Exercise prompt ▸ Below are lines of records; copy exactly those from the one containing "来源:中国军网-解放军报 作者:张琳 卫雨檬" through the one containing "Im Mittelpunkt des", leaving the pictures behind.

Data for analysis ▸
◆ ◆ ◆ ◆
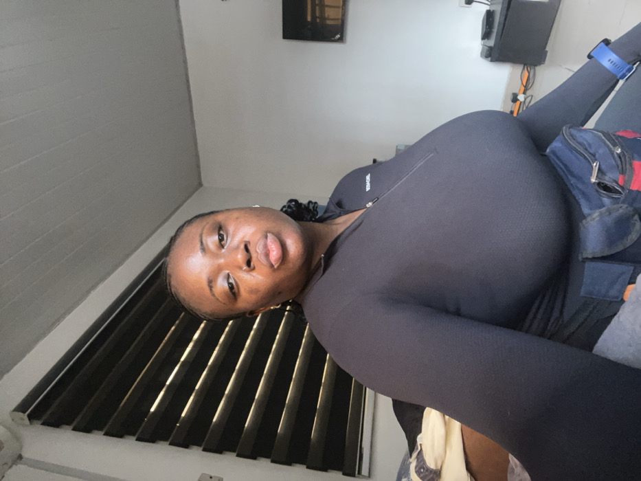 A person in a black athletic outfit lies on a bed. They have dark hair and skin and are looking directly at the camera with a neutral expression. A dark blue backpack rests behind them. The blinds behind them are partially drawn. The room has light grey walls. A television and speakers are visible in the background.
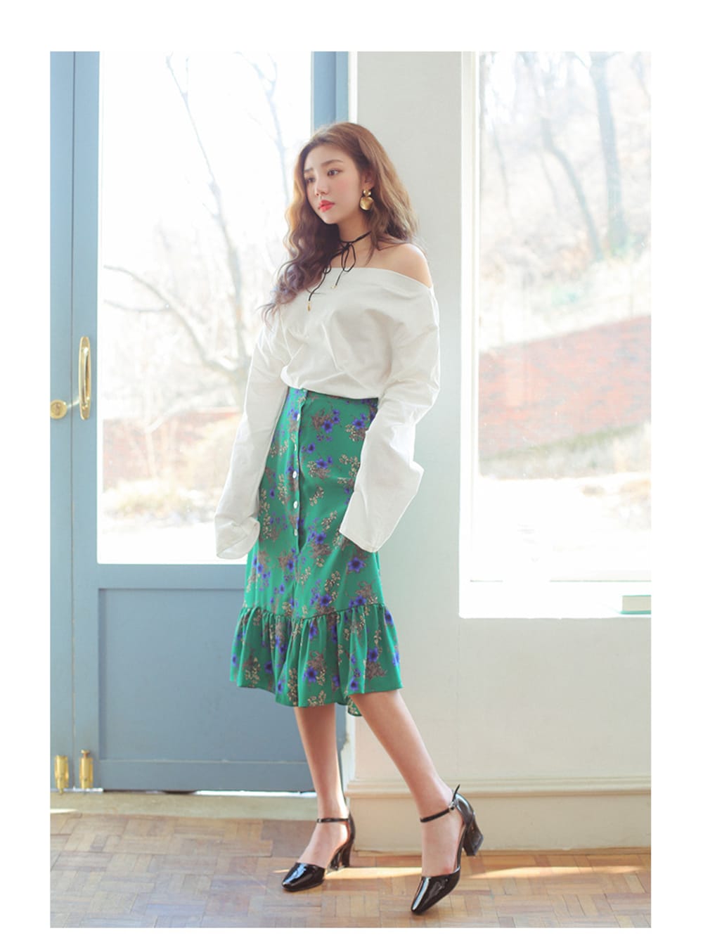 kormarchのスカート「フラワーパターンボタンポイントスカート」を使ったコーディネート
◆ ◆ ◆ ◆
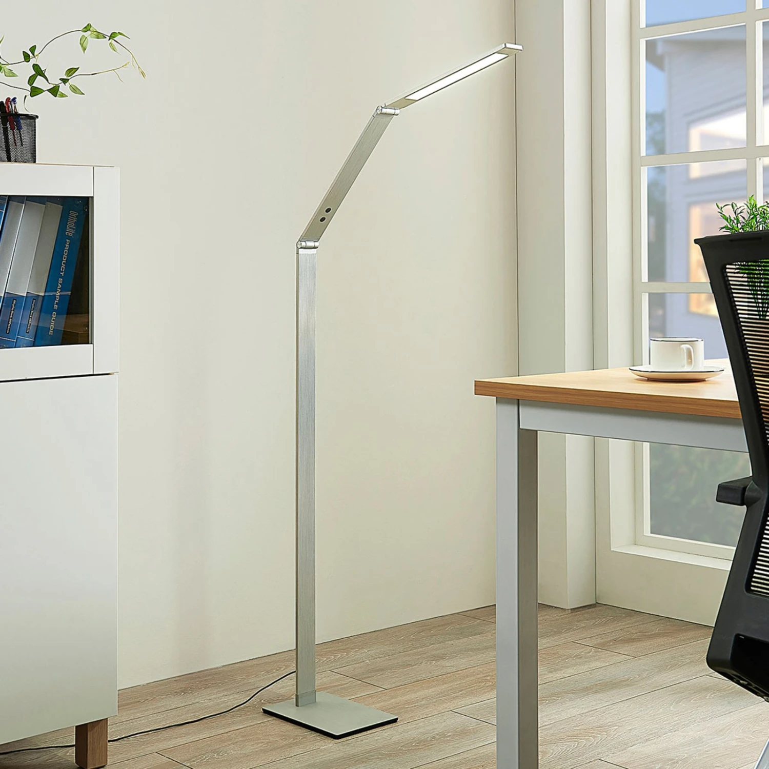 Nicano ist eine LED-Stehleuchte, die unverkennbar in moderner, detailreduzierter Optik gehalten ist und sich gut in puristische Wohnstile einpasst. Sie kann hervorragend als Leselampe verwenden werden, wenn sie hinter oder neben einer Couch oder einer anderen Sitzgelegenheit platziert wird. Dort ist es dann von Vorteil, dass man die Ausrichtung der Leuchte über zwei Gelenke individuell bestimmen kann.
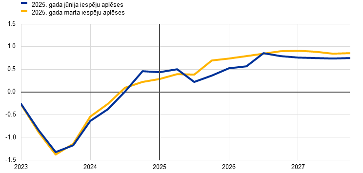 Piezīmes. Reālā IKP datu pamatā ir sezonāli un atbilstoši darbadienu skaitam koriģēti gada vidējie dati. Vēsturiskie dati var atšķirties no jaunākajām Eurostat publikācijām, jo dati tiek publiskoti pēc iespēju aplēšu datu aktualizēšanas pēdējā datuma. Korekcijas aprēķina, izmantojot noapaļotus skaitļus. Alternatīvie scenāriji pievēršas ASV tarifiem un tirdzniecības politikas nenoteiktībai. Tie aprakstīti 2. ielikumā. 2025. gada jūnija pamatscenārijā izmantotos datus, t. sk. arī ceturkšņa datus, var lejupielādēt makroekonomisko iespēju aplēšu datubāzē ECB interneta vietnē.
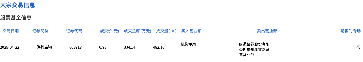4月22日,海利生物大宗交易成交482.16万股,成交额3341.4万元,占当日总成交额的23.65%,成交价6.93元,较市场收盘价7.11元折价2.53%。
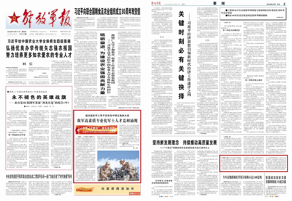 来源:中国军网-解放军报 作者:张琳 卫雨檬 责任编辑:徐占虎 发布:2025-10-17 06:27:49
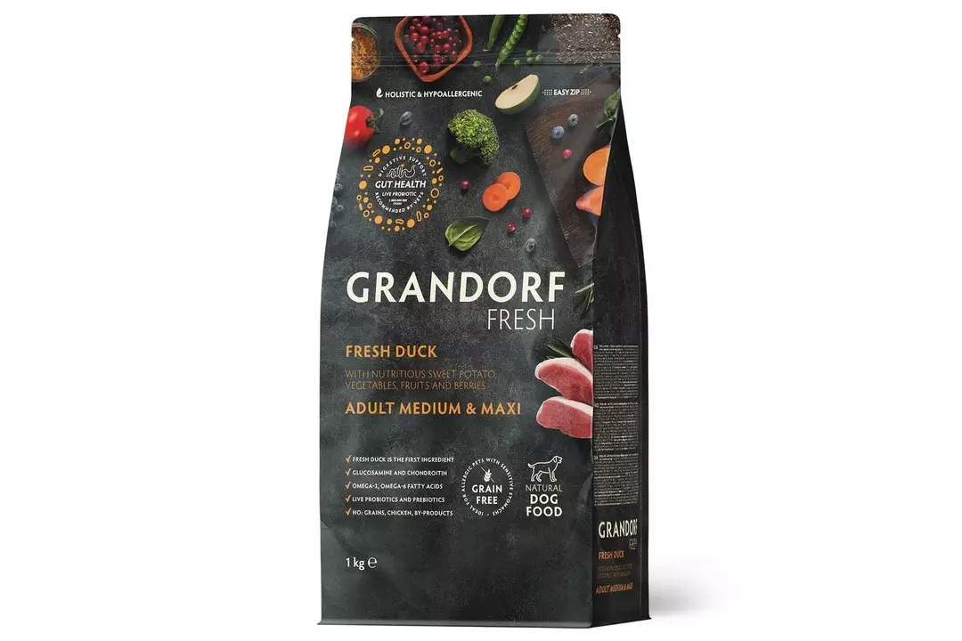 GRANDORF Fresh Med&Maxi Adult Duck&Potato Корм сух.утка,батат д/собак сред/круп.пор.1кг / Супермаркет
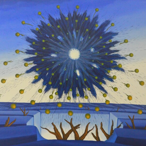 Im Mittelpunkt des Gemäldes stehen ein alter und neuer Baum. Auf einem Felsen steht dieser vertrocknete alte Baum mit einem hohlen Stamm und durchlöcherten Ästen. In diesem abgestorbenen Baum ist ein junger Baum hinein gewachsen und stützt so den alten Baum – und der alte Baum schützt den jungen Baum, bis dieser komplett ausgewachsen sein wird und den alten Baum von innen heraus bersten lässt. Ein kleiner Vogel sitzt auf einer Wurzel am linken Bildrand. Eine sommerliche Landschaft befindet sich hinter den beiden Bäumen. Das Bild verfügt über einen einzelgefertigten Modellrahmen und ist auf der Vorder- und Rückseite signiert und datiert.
◆ ◆ ◆ ◆
Response area ▸
 来源:中国军网-解放军报 作者:张琳 卫雨檬 责任编辑:徐占虎 发布:2025-10-17 06:27:49
 GRANDORF Fresh Med&Maxi Adult Duck&Potato Корм сух.утка,батат д/собак сред/круп.пор.1кг / Супермаркет
 Im Mittelpunkt des Gemäldes stehen ein alter und neuer Baum. Auf einem Felsen steht dieser vertrocknete alte Baum mit einem hohlen Stamm und durchlöcherten Ästen. In diesem abgestorbenen Baum ist ein junger Baum hinein gewachsen und stützt so den alten Baum – und der alte Baum schützt den jungen Baum, bis dieser komplett ausgewachsen sein wird und den alten Baum von innen heraus bersten lässt. Ein kleiner Vogel sitzt auf einer Wurzel am linken Bildrand. Eine sommerliche Landschaft befindet sich hinter den beiden Bäumen. Das Bild verfügt über einen einzelgefertigten Modellrahmen und ist auf der Vorder- und Rückseite signiert und datiert.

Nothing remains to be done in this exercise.